Question

Find initial position via intergration???

An object moves in a straight line with an acceleration of 8m/s^2. If after 1 second it passes through point O and after 3 seconds it is 30 meters from O, find its initial position relative to O.

Answer 1

Without knowing whether the position at 3 seconds is 30 meters left or right of O (or knowing whether the initial velocity is positive or negative) there are two correct answers.

Explanation:

`a = 8`

Using `v_0` for the initial velocity,

`v(t) = 8t+v_0`

Using `s_0` for the initial position.

`s(t) = 4t^2+v_0t+s_0`

We have been asked to find `s_0` as a function of O (the position at time `1` second.).

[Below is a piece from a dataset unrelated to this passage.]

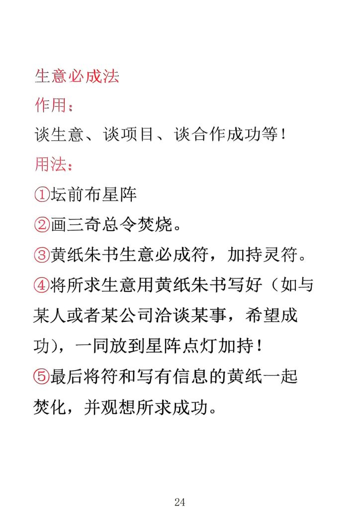 内容包含:值符法(利用奇门值符的能量)、增缘法、合婚法、求缘法、祈愿法、驱邪法、护身法、学业法、请财神法、生意必成法、化解牢狱之灾法、求财法、求子法、消灾法、治万病法、灵符加持灵力法、五鬼财降术、九天灯阵、还阴债、九天秘术、九天秘咒、接灵缘、九天补财库、九天解厄阵、九天玄术、催文昌、婚姻合和、九天玄女圣水解病灾、九天玄女除煞阵、九天玄术讨债阵等…

Using the values given for `t=1` and `t=3`, we get

`s(1) = 4 + v_0+s_0 = O` and

`s(3) = 36 +3v_0+s_0 = O +- 30`

Subtracting the first equation from the second yields:

`32+2v_0 = +-30` So

`2v_0 = -2` or `-62`

So `v = -1` or `v = -31`.

This gives us:
Solution 1

`s(t) = 4t^2-t+s_0` and, again using the information at `t = 1`, we find

`s(1) = 4-1+s_0 = O`,

so `s_0 = O-3`

Solution 2

`s(t) = 4t^2-3t+s_0` and, again using the information at `t = 1`, we find

`s(1) = 4-31+s_0 = O`,

so `s_0 = O-27`